Kama Sutra - Erotismo
Segunda-feira: Kama Sutra

Para iniciar a semana, uma escolha clássica. O Kama Sutra ajuda não apenas os menos experientes a se tornarem deveras criativos, como oferece novas ideias aos mais virtuosos amantes. A edição da L&PM não vem com aquelas posições que só um contorcionista é capaz de fazer, mas é um verdadeiro manual de uso para o corpo. O capítulo 5, por exemplo, trata sobre “As mordidas e os métodos a serem usados com mulheres de distintas origens”.

Anaïs Nin - Histórias Eróticas e Pequenos Pássaros

A voz de uma mulher pode ser um tanto quanto excitante. Principalmente quando essa voz narrativa vem de Anaïs Nin. Em Pequenos pássaros – Histórias eróticas, a autora dá vazão à sua veia erótica, também presente em Henry e June e Uma espiã na casa do amor.

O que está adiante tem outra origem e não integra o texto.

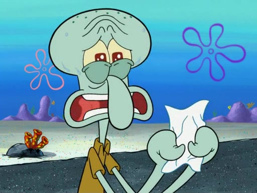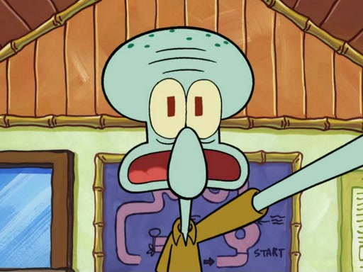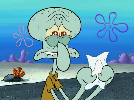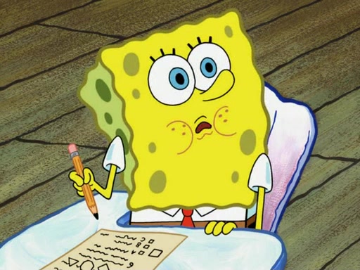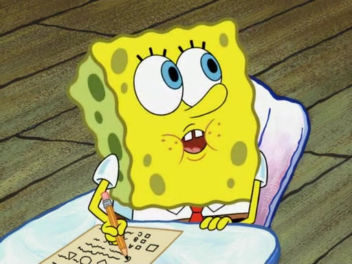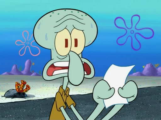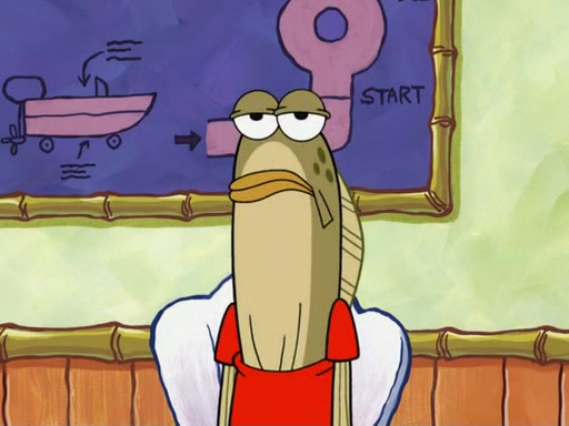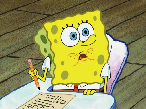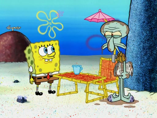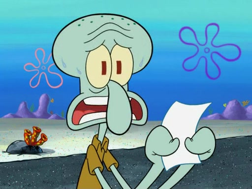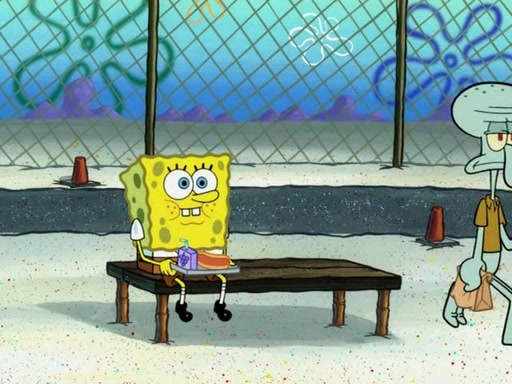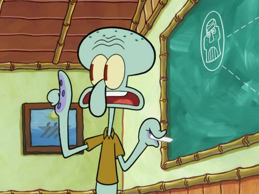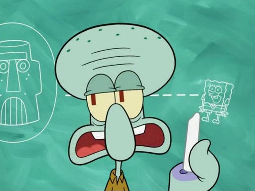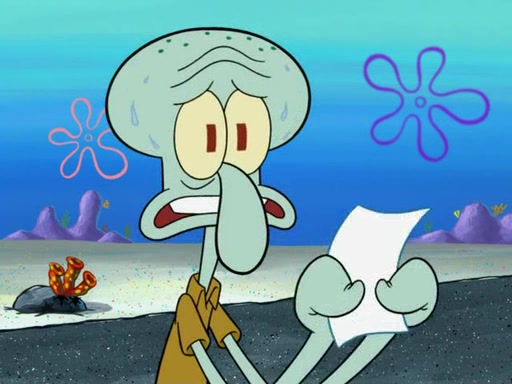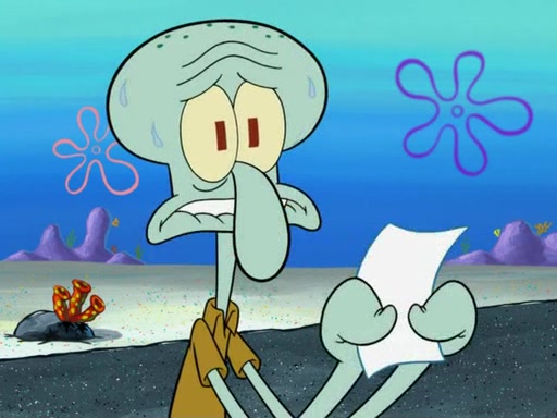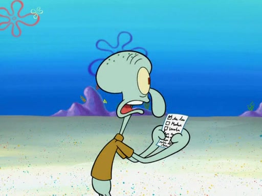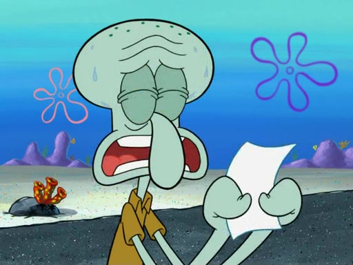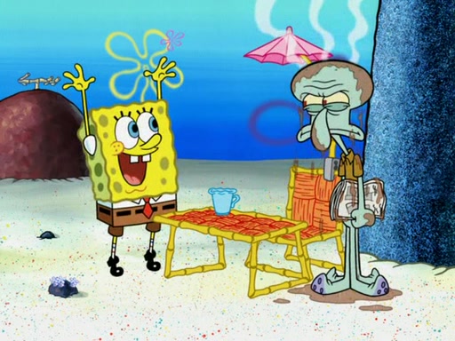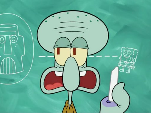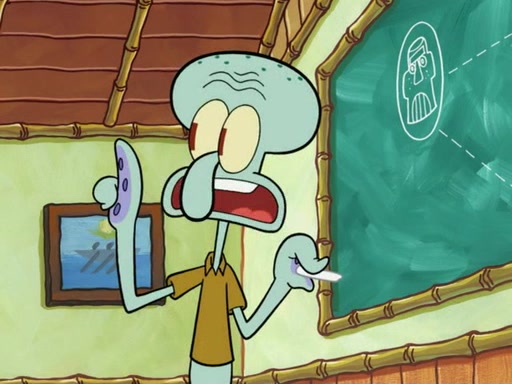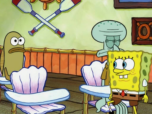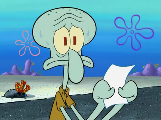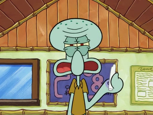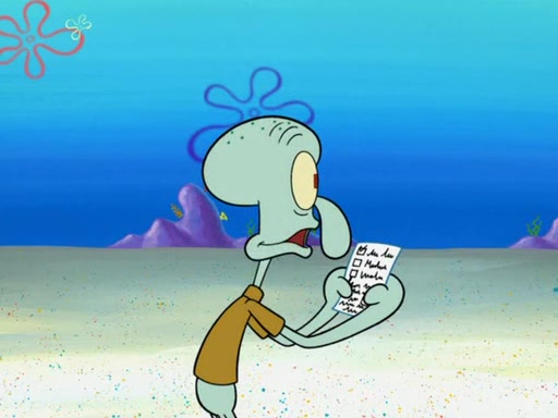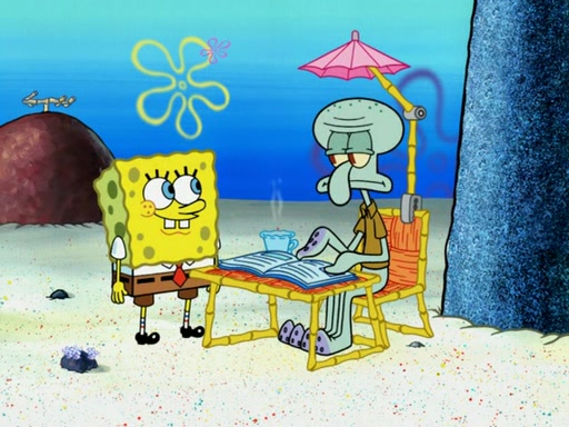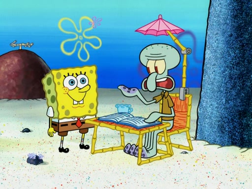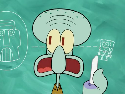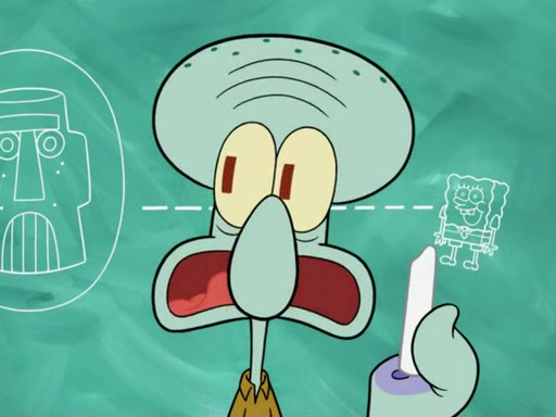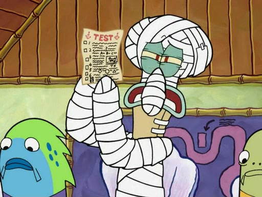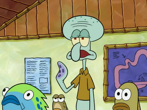 Then the scene changes to everyone back in class. Mrs. Puff explains that everyone is going to do a test. But when SpongeBob tries to help him, Squidward snaps at him that they aren't "Boating Buddies" and he never wants help from him ever again. SpongeBob's feelings are hurt. However, Squidward can't do the test because he can't pick up the pencil, so he asks for SpongeBob's help; when the young sponge reminds him of what he said, Squidward denies it, only for his voice to be recorded by another student. Finally, when Squidward admits that he and SpongeBob are "Boating Buddies," SpongeBob cheers. But time runs out and Squidward asks Mrs. Puff what to do. She then says that he needs to come back the next week. Then Squidward finds out that SpongeBob also failed the test and he has to come back the next week too, and Squidward screams and the episode ends.

Na próxima terça, esqueça a TV e sussurre em voz alta para ele – ou para ela – um trecho da página 82: “Ele sentiu que estava molhada. Ficou deliciado, beijando-me, deitando-se por cima de mim…”

O Sofá - Crébillon Fils
Quarta-feira: O sofá

Quarta não é dia de namorar no sofá? Pois então: O Sofá, de Crébillon Fils vai ajudar a esquentar os ânimos no meio da semana. Considerada “a verdadeira libertinagem”, o livro conta a história de um homem que foi condenado a reencarnar como um sofá e assim acompanhar as aventuras, muitas delas eróticas, que se passam sobre ele. Da página 95: “Enrubecendo pelo que sentia, queimava de vontade de sentir mais; sem imaginar novos prazeres, desejando-os…”.

Fanny Hill - John Cleland

Quinta-feira: Fanny Hill

O final de semana está quase chegando e quinta é um ótimo dia para fantasias mais ousadas. Fanny Hill, Memórias de uma mulher de prazer, de John Cleland, vem causando polêmica desde sua publicação em 1749. Mas com certeza não vai ser censurado na sua casa. Considerada uma ode ao prazer sexual, o livro traz cartas da cortesã Fanny. Sinta um trecho: “com uma das mãos ele gentilmente abriu os lábios daquela luxuriosa boca da natureza, enquanto com a outra inclinou a sua máquina poderosa até aquele ponto de atração”.

Anti-Justine - Erotismo

Sexta-feira: Anti-Justine

Nem pense em dizer que está cansado porque é sexta-feira. Trate de se animar abrindo em qualquer página de Anti-justine, de Restif de La Bretonne. Contrapondo-se às ideias sádicas do Marquês de Sade (que antes escrevera Justine e Os infortúnios da virtude), o narrador dessa história conta onde não há regras morais, apenas a busca do prazer: “As duas moças estavam sentadas ao seu lado, os seios de fora. Ela beijou seus botõezinhos…”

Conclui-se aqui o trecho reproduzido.